Entry Name:  "UBA-Rukavina-MC1"

VAST Challenge 2018
Mini-Challenge 1

 

 

Team Members:

Sergio BANCHERO, Universidad de Buenos Aires, banserbase@gmail.com

Andrei RUKAVINA, Universidad de Buenos Aires, rukavina.andrei@gmail.com PRIMARY

 

Student Team:  YES

 

Tools Used:

1.      Tableau Desktop 2018.1

2.      Excel

3.      Python

4.      R

 

Approximately how many hours were spent working on this submission in total?

·        230

 

May we post your submission in the Visual Analytics Benchmark Repository after VAST Challenge 2018 is complete?

·        YES

 

Video

https://youtu.be/YTliLScMyLo

 

 

Questions

1 – Using the bird call collection and the included map of the Wildlife Preserve, characterize the patterns of all of the bird species in the Preserve over the time of the collection. Please assume we have a reasonable distribution of sensors and human collectors providing the recordings, so that the patterns are reasonably representative of the bird locations across the area. Do you detect any trends or anomalies in the patterns? Please limit your answer to 10 images and 1000 words.

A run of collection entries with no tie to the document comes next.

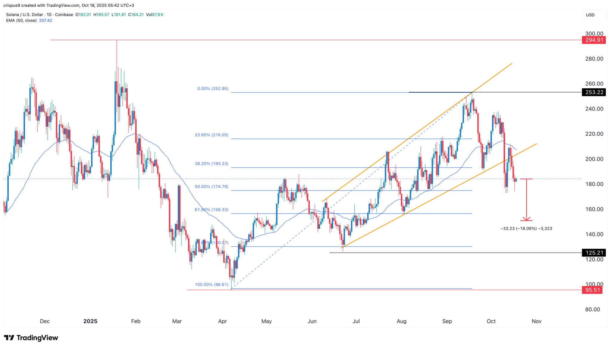 Der SOL-Kurs ist unter den exponentiellen gleitenden 50-Tage-Durchschnitt gefallen, was ein Zeichen dafür ist, dass der Abwärtstrend anhält. Er ist auch unter die untere Seite des ansteigenden, sich verbreiternden Keilmusters gefallen, das allgemein als Megaphon bekannt ist. Dieses Muster ist eines der bullischsten in der technischen Analyse.
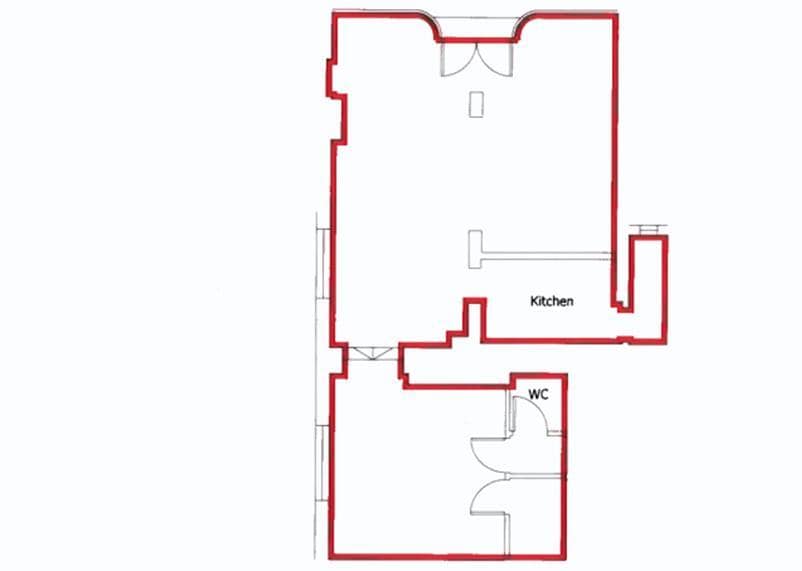 - Former café layout with open seating
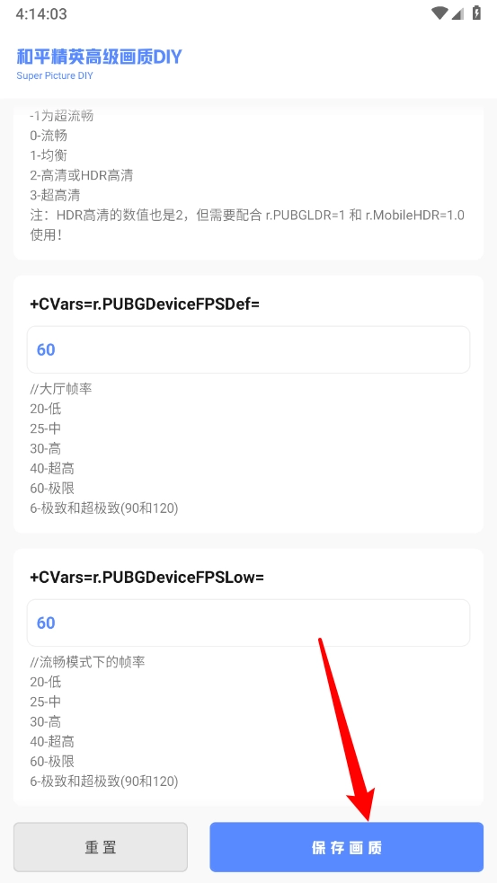 3、也能点击“高级画质”进入,依据实际需求设置对应的帧率和流畅度,设置完成后点击“保存画质”即可。
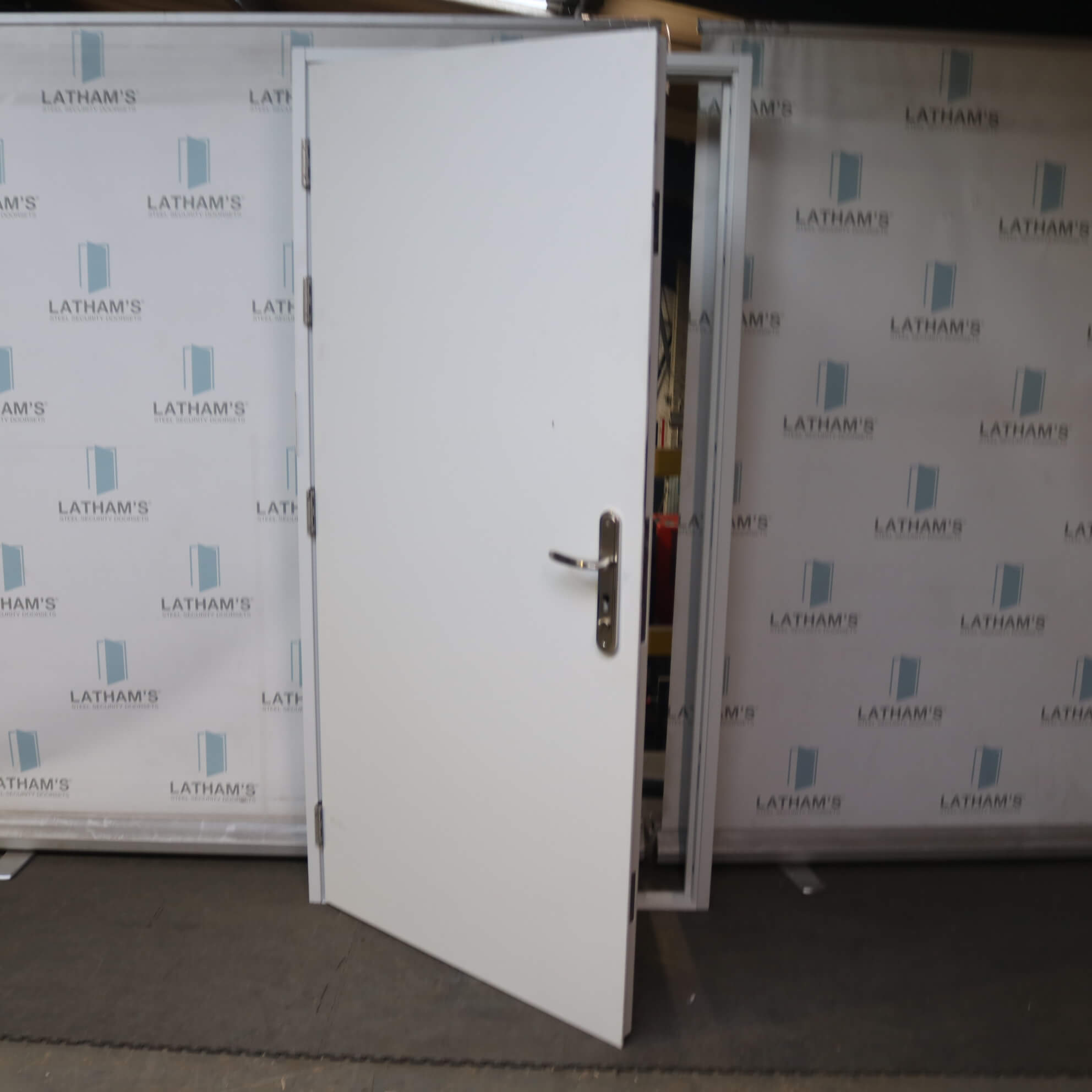 Security Steel Door | 995mm x 2020mm | Latham’s White | LH OUT/RH IN
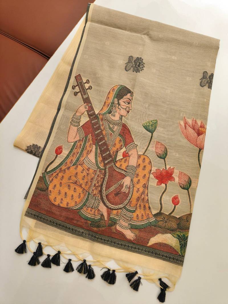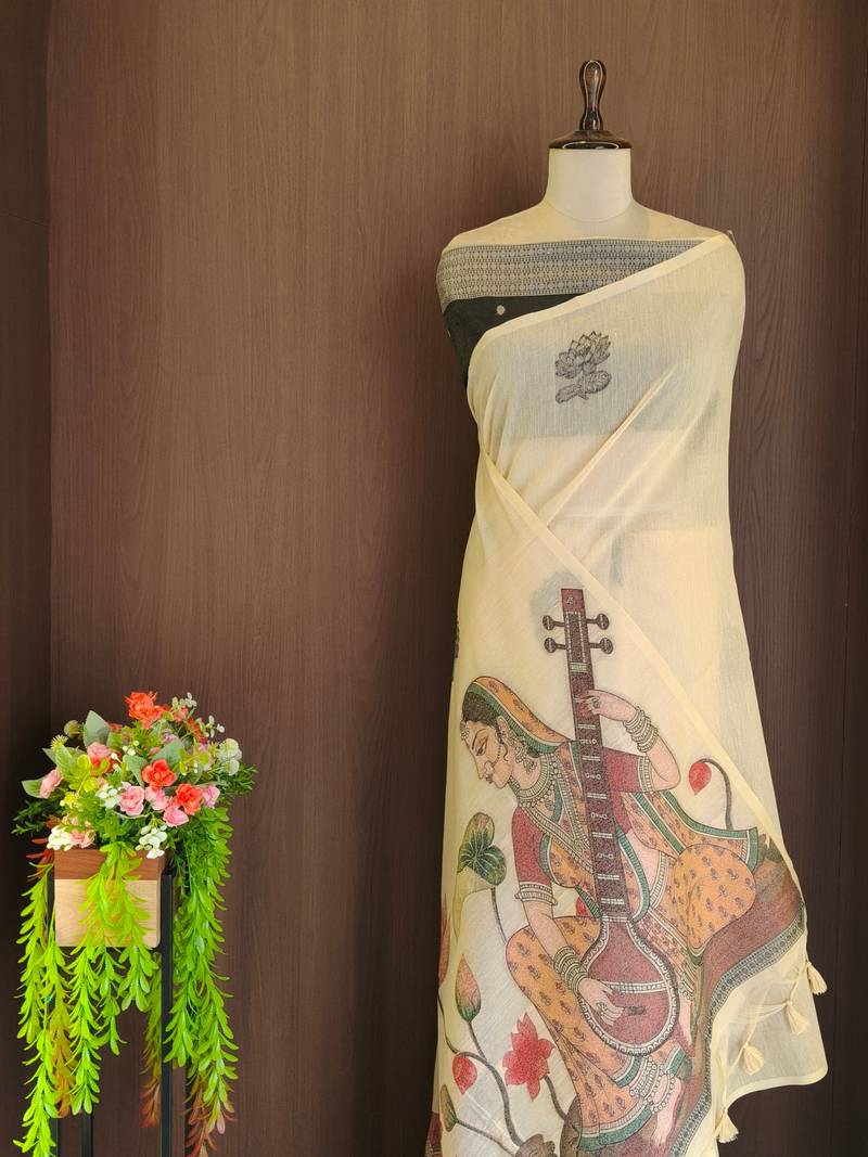 | Product Name | Cream Color Chanderi Cotton Saree With Contrast Blouse | |
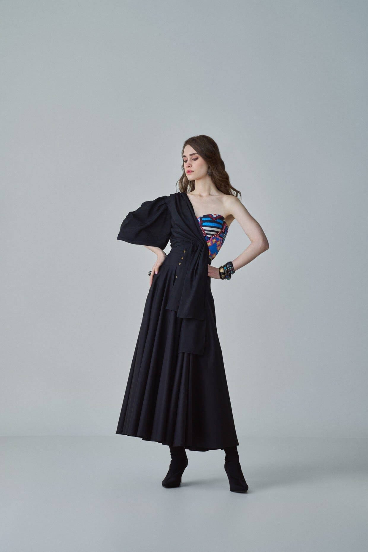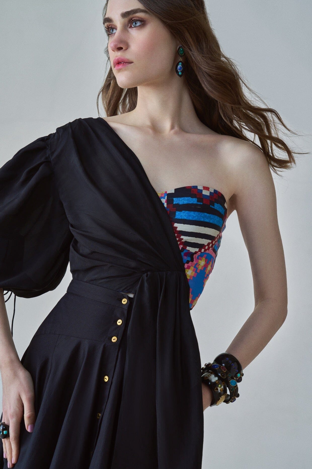 BLOUSE : DRAPE STYLE ONE SHOULDER BALLOON SLEEVE BLOUSE WITH PART PRINT BODICE AND HANGING DRAPERY
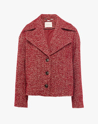 Chaqueta corta de lana con dibujo espiga en tonos rojo y crema. Su silueta cuadrada y tejido suave aportan comodidad y estilo a partes iguales. Perfecta para dar personalidad a looks urbanos o más clásicos. Las solapas amplias, los hombros ligeramente caídos y el cierre de cuatro botones refuerzan su aire entre lo retro y lo contemporáneo.
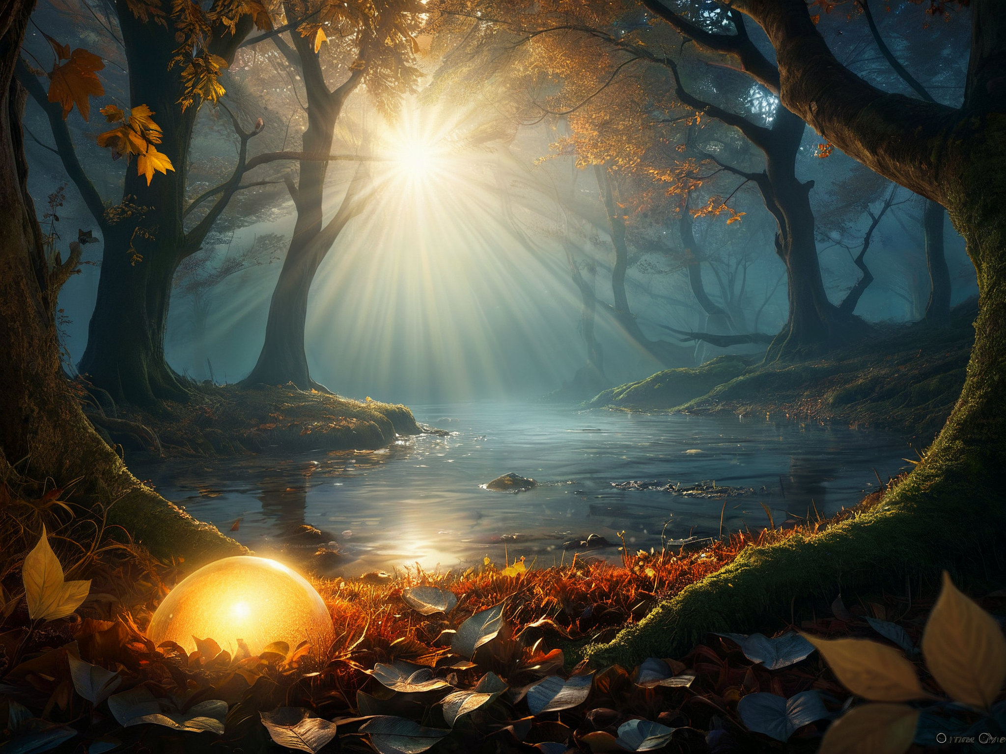 Beneath the restless leaves, bedewed and quiet, lies a mysterious object, long forgotten. It shimmers in the morning light, a quiet spectacle waiting to be found, glittering as the sun rises. fantasy style, dreamlike fantasy art, <lora:RMSDXL_Enhance:1>, <lora:add-detail-xl:0.8>, <lora:RMSDXL_Darkness_Cinema:1>,
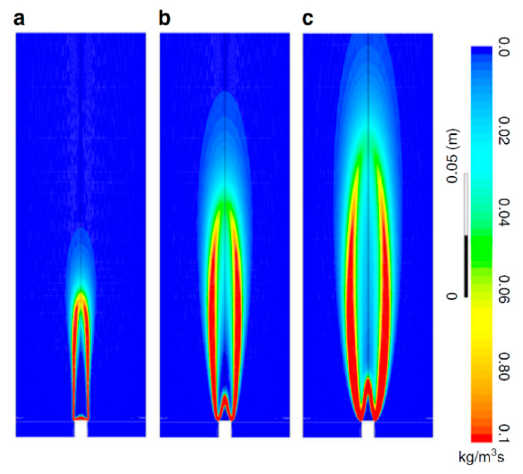 - Nam, H.T.; Lee, S.; Jung, H. Effect of hydrogen addition on combustion and thermal characteristics of impinging non-premixed jet flames for various heating value gases. Case Stud. Therm. Eng. 2023, 49, 103173. [Google Scholar] [CrossRef]
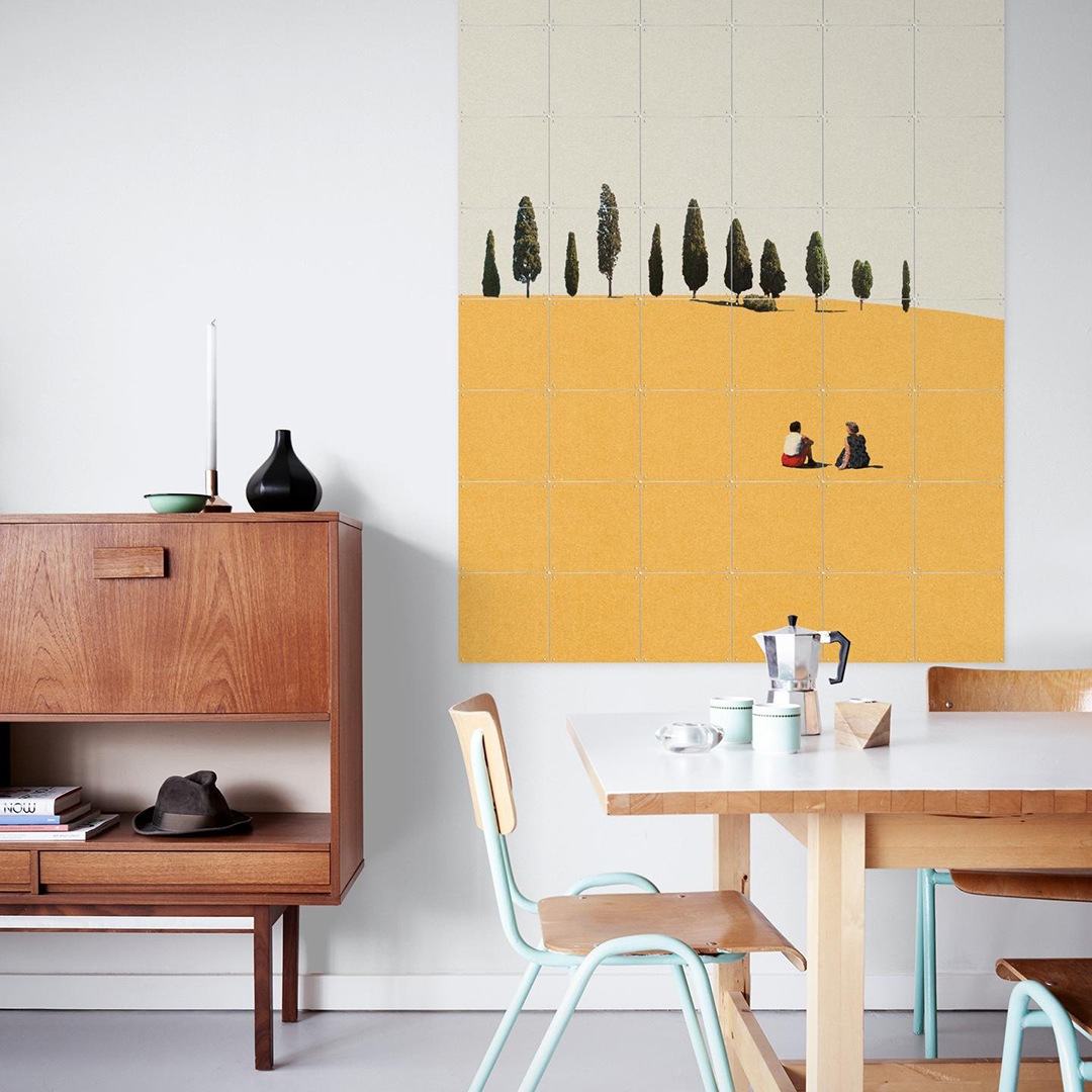 친구들과의 시간, 혼자만의 즐거움, 나른하고 발랄한 장면들을 재치 있게 캐치하고 모던한 색채로 담아낸 콜라주 작품입니다.

We first plotted all the bird vocalizations in a map to understand their historic location for each bird species by year. As it can be noted on the following figure, the Rose-Crested Blue Pipit (RCBP) is mostly located on the north-east of the reserve until 2015. Based on contextual information of this Mini-Challenge and Previous Challenges, we know that’s is when the waste dump was done:

Figure 1: Map of bird location by year

If we compare the aggregated information for the RCBP between the periods 2012/2014 and 2015/2017 and calculate the variance of location, we find that it moved from the NE o a more centric location. To confirm this, we created the following figure:

Figure 2: RCBP location change from 2012 to 2017

Figure 2 is based on a dashboard we built on Python using Dash. It will be shown many times for different combinations of birds.  It is composed by a line chart highlighting the trend of recordings for the selected bird during a specific time period. Below we find two charts of population movement, on the left a variation heatmap and a variation histogram on the right. By interpreting the heatmap we can clearly see a migration from the NE (in red) to the center of the Preserve (in blue). During the selected period the overall net variation of recordings increased a 76%. In order to understand if that increment is an outlier we created on the following charts:

 

Figure 3: Historical trend for RCBP call recordings

This is a chart for the historical Calls recordings for the RCBP on the entire period of time (before 2010 is ignored due to incomplete data). We see a total of 5 points above one standard deviation (std) after the waste dump. Statistically are not considered outliers. However, there is one above two STD. This corresponds to December 2015. This possible outlier on the number of calls was after the dump suggesting a different behavior for the RCBP after migrating.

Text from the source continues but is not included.